Hector smiled thinly and raised his shoulders. “Maybe they’re like weeds and not so easily wiped out.”

“Don’t be ridiculous. Come here.” Graham gripped Hector by the shoulder and propelled him towards the windows. “Looky there,” he pointed towards Vattown. Hector could just make out the distant strobing of police flashers. “There’s your proof. That little queen of yours is down there, and they’re beating her to death.”

Hector shook. He pulled away from Graham’s grip and turned to face him. “How do you know that?”

Graham eyed him blandly. “Because I arranged it.”

“What? You can’t do that!”

Graham laughed. “You have no idea what I can do. They were going to strike anyway. It doesn’t take much to turn that crowd into a mob.”

“You’ve got to stop them.” Hector lunged forward, grabbed the transceiver from Graham’s belt loop and shoved it at him. “Now! Call them! Call it off!”

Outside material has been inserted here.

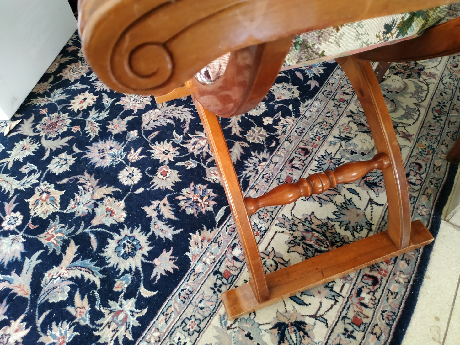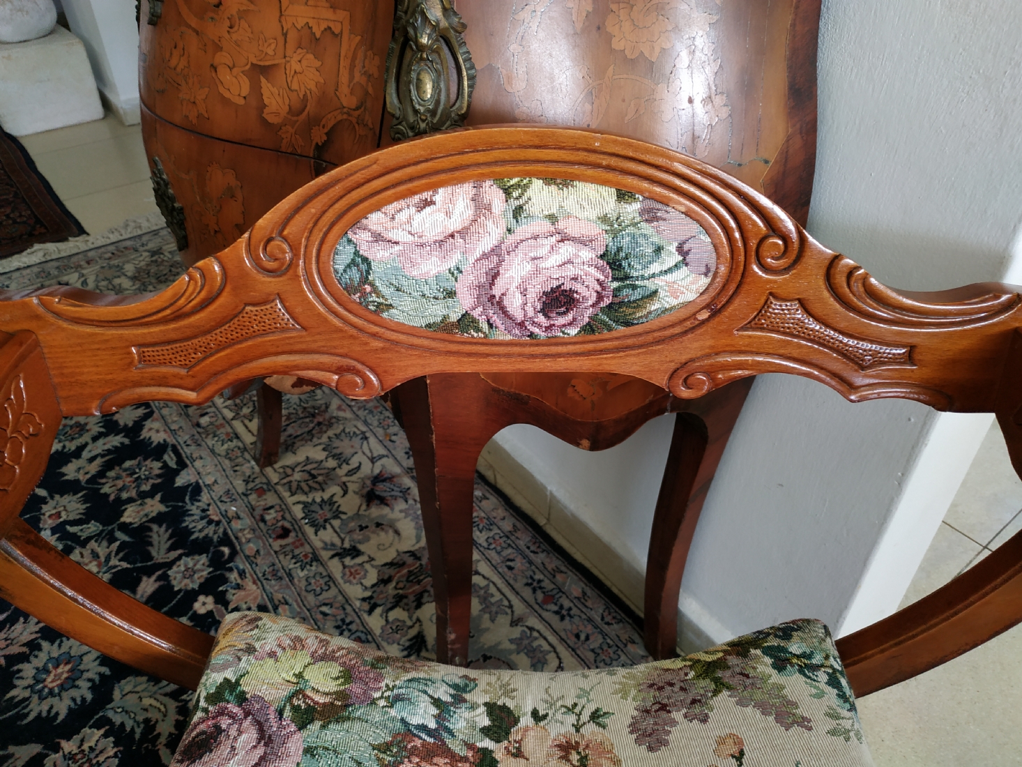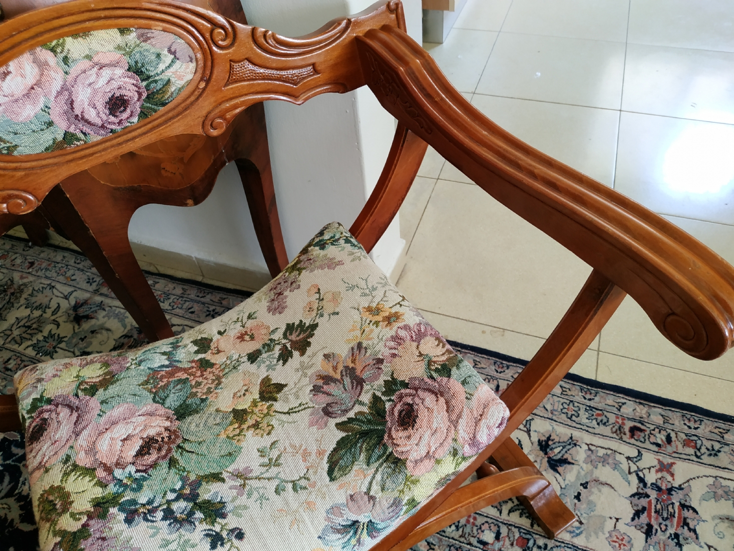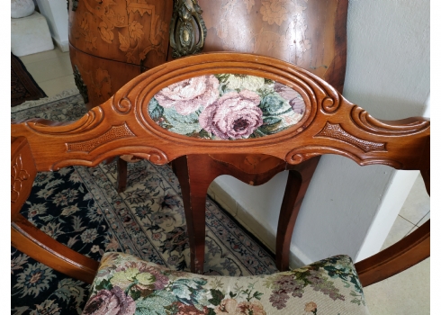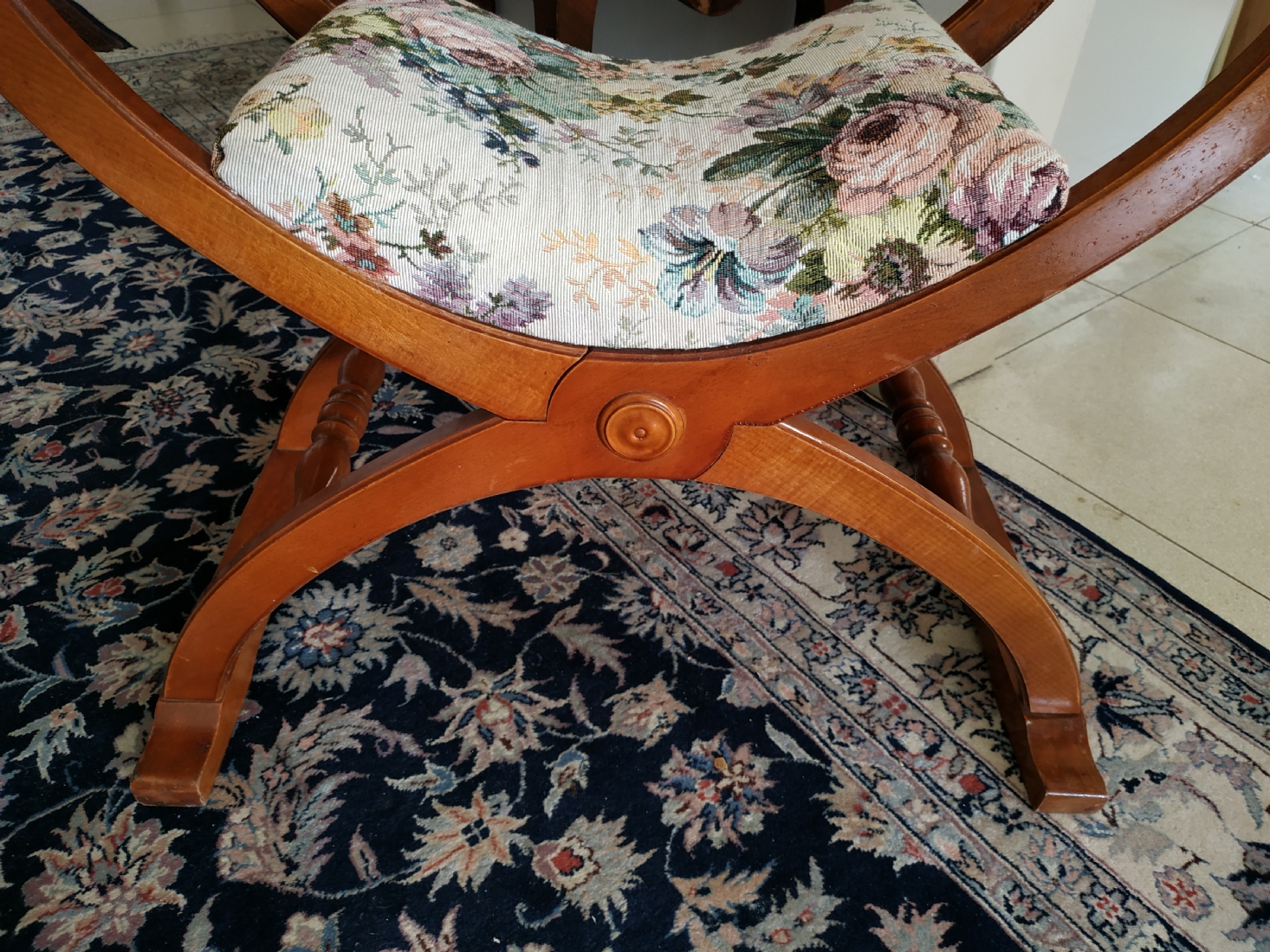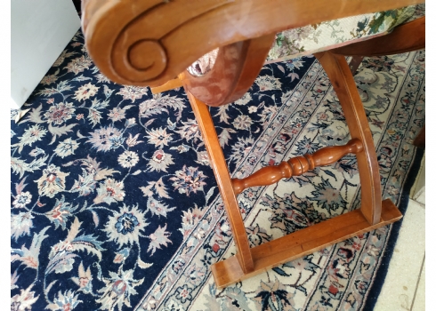 מספר הפריט בקטלוג 354כיסא ישן בסגנון כיסא סבונרולה (Savonarola chair) נקרא גם Curule chair, עשוי עץ וריפוד גובלן, גובה: 68 ס"מ, רוחב: 68 ס"מ, עומק: 48 ס"מ.

Graham’s response was preempted by the insistent bleeping of the transceiver signal. Without thinking Hector switched it to receive. “Yes?” he said, in his best imitation of Graham’s rough tenor.

There was no holo. Only a voice. “It’s me. We lost her,” it said.

Hector stared at Graham with glee. “Forget it. There’s a change in plans.” he said.

“Give me that!” yelled Graham, body checking Hector and grabbing for the transceiver. They fell to the floor, Hector grunting as Graham rolled over him. The transceiver was wrested from his grasp and Graham stood up, brushing his suit. “I’ll call you back,” he muttered tersely at the transceiver and switched it off.

Hector stood and backed towards the door. Graham approached him with his right hand balled in a fist. Before he could close the distance and sock him, Hector turned and ran out the door.

Breathing heavily, Hector made his way to the elevators. He had a rug burn on his cheek from wrestling with Graham. All to the good, he thought, as he entered the elevator and pressed the button for floor 29 — Anna’s office.